> Data records
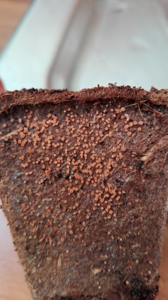 heute brauche ich mal wieder eure Hilfe: auf einem Saattöpfchen von Billa, in dem die mitgelieferte Erde und Kressesamen sind, wachsen anstatt Kresse überall kleine orangegelbe Becherlinge, deren Rand wellig wirkt, möglicherweise haarig ist. Durchmesser ca. 1 mm.
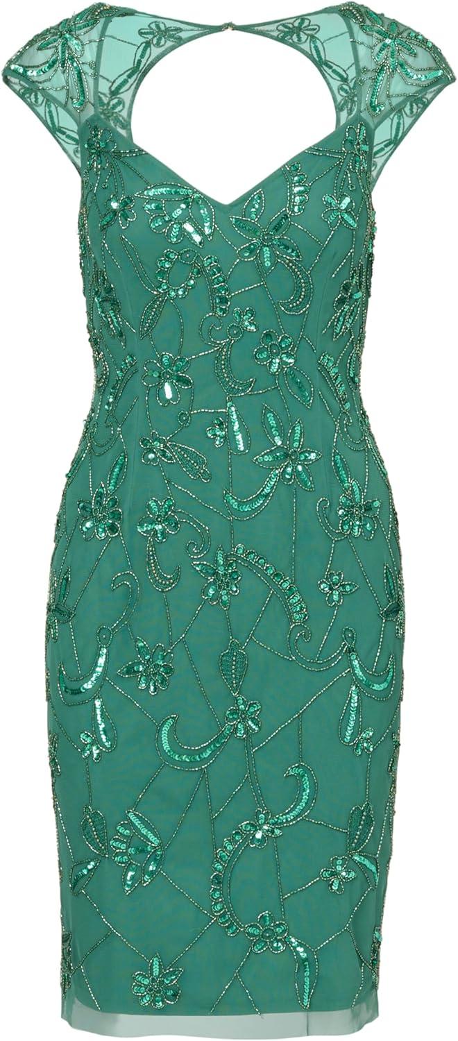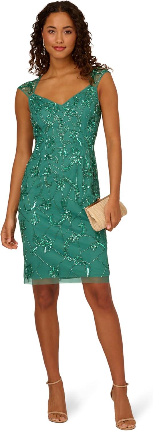 Adrianna Papell Women’s Beaded Mesh Dress(Jungle Green)
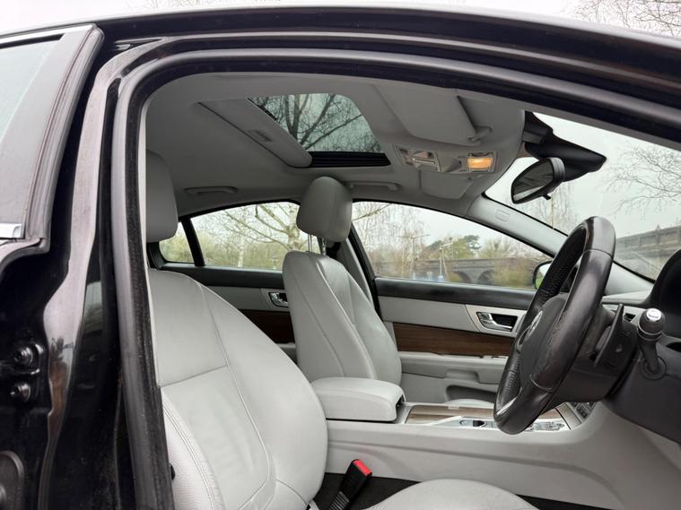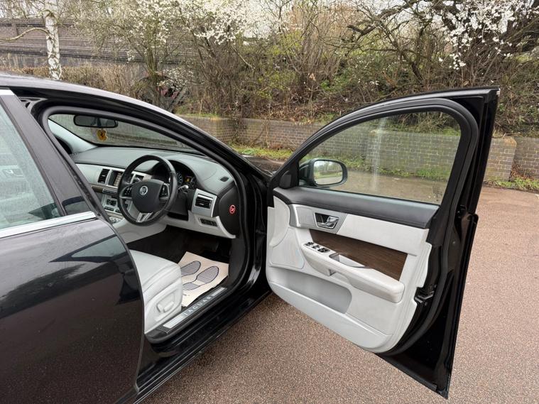 This 2013 Jaguar XF d Luxury presents an exceptional ownership proposition with only two previous owners and a remarkably low mileage of 93, 276 miles for its age. This elegant saloon is powered by a 2.2 litre diesel engine, offering a compelling blend of performance and efficiency. The Luxury trim level ensures a refined driving experience, complemented by features such as rear parking aid with rear sensors, making manoeuvring easier. Stay connected on the go with Bluetooth connectivity, and enjoy consistent comfort thanks to the dual zone climate control. The XF also boasts automatic headlights that switch on when needed, and striking LED signature lights with daytime running functionality.The Jaguar XF d Luxury stands out with its impressive fuel economy, achieving a highlight of 58 miles per gallon, which indicates it is more economical than many similar vehicles. Furthermore, the generous boot space provides ample room for luggage or shopping, making it a practical choice for everyday use and longer journeys. This combination of Jaguar's renowned luxury, efficient diesel power, and thoughtful features makes this XF a distinguished option in the used car market..
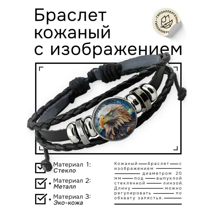 Кожаный браслет с изображением орла под выпуклой стеклянной линзой.
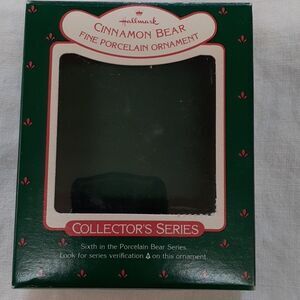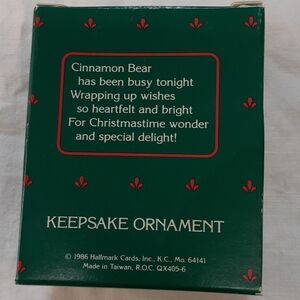 2 Hallmark Keepsake Cinnamon Bear ornaments. First one is Cinnamon Bear has been busy tonight Wrapping up wishes so heartfelt and bright, For Christmastime wonder and special delight! Second ornament is Cinnamon Bear picked this holiday gift and wrapped it up brightly with care, Because it's a heart full of memories and dreams and wonderful feelings to share.
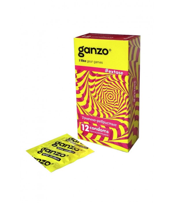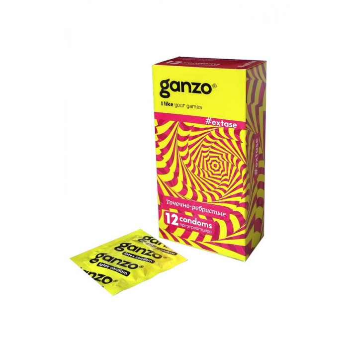 ПРЕЗЕРВАТИВЫ GANZO EXTASE, С ТОЧЕЧНО-РЕБРИСТОЙ ПОВЕРХНОСТЬЮ, АНАТОМИЧЕСКОЙ ФОРМЫ, ЛАТЕКС, 18 СМ, 12 ШТ, арт.141
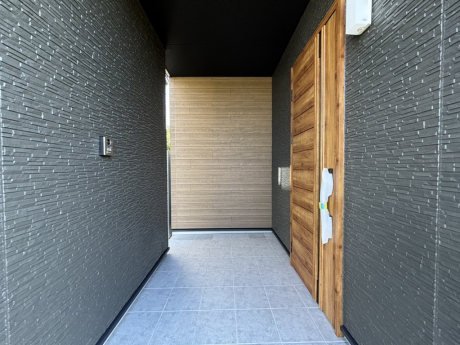 玄関前は広くて屋根のある便利な空間になっています!
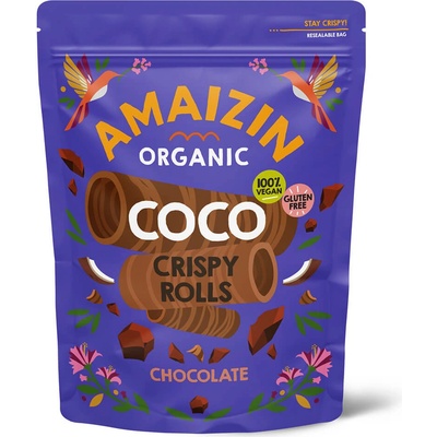 Amaizin Trubičky kokosové s čokoládou Bio Amaizin kokosové trubičky s čokoládou v sobě spojují jemnost a křupavost v dokonalé rovnováze. Každé sousto nabízí harmonii bio...
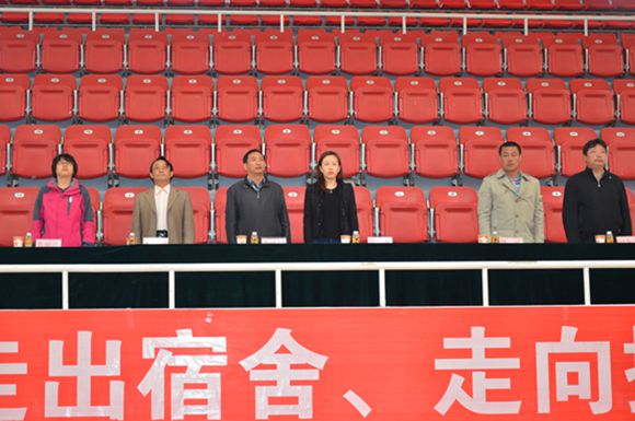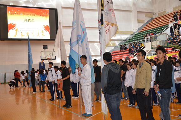 本网讯(文/图体育学院学生会 孟祥华、田贵金)由共青团内蒙古师范大学委员会主办,体育学院团总支承办的2014年内蒙古师范大学吉尼斯运动会开幕式于5月10日早9点在赛罕校区体育馆拉开帷幕。共青团内蒙古师范大学委员会副书记许琳、网络技术学院党总支副书记乾达门、化学与环境科学学院党总支副书记王凤岐、国际交流学院党总支副书记赵春雷、计算机与信息工程学院党总支副书记朱丽波及体育学院党总支副书记韩武出席开幕式,参加开幕式的还有各学院团总支、学工办老师和赛罕校区八个代表队的部分同学。开幕式由体育学院团总支书记敖永胜主持,学院党总支副书记韩武致开幕辞。

> Exercise objective
Without changing a word, retype the data above and omit its pictures.

> Response area
 heute brauche ich mal wieder eure Hilfe: auf einem Saattöpfchen von Billa, in dem die mitgelieferte Erde und Kressesamen sind, wachsen anstatt Kresse überall kleine orangegelbe Becherlinge, deren Rand wellig wirkt, möglicherweise haarig ist. Durchmesser ca. 1 mm.
 Adrianna Papell Women’s Beaded Mesh Dress(Jungle Green)
 This 2013 Jaguar XF d Luxury presents an exceptional ownership proposition with only two previous owners and a remarkably low mileage of 93, 276 miles for its age. This elegant saloon is powered by a 2.2 litre diesel engine, offering a compelling blend of performance and efficiency. The Luxury trim level ensures a refined driving experience, complemented by features such as rear parking aid with rear sensors, making manoeuvring easier. Stay connected on the go with Bluetooth connectivity, and enjoy consistent comfort thanks to the dual zone climate control. The XF also boasts automatic headlights that switch on when needed, and striking LED signature lights with daytime running functionality.The Jaguar XF d Luxury stands out with its impressive fuel economy, achieving a highlight of 58 miles per gallon, which indicates it is more economical than many similar vehicles. Furthermore, the generous boot space provides ample room for luggage or shopping, making it a practical choice for everyday use and longer journeys. This combination of Jaguar's renowned luxury, efficient diesel power, and thoughtful features makes this XF a distinguished option in the used car market..
 Кожаный браслет с изображением орла под выпуклой стеклянной линзой.
 2 Hallmark Keepsake Cinnamon Bear ornaments. First one is Cinnamon Bear has been busy tonight Wrapping up wishes so heartfelt and bright, For Christmastime wonder and special delight! Second ornament is Cinnamon Bear picked this holiday gift and wrapped it up brightly with care, Because it's a heart full of memories and dreams and wonderful feelings to share.
 ПРЕЗЕРВАТИВЫ GANZO EXTASE, С ТОЧЕЧНО-РЕБРИСТОЙ ПОВЕРХНОСТЬЮ, АНАТОМИЧЕСКОЙ ФОРМЫ, ЛАТЕКС, 18 СМ, 12 ШТ, арт.141
 玄関前は広くて屋根のある便利な空間になっています!
 Amaizin Trubičky kokosové s čokoládou Bio Amaizin kokosové trubičky s čokoládou v sobě spojují jemnost a křupavost v dokonalé rovnováze. Každé sousto nabízí harmonii bio...
 本网讯(文/图体育学院学生会 孟祥华、田贵金)由共青团内蒙古师范大学委员会主办,体育学院团总支承办的2014年内蒙古师范大学吉尼斯运动会开幕式于5月10日早9点在赛罕校区体育馆拉开帷幕。共青团内蒙古师范大学委员会副书记许琳、网络技术学院党总支副书记乾达门、化学与环境科学学院党总支副书记王凤岐、国际交流学院党总支副书记赵春雷、计算机与信息工程学院党总支副书记朱丽波及体育学院党总支副书记韩武出席开幕式,参加开幕式的还有各学院团总支、学工办老师和赛罕校区八个代表队的部分同学。开幕式由体育学院团总支书记敖永胜主持,学院党总支副书记韩武致开幕辞。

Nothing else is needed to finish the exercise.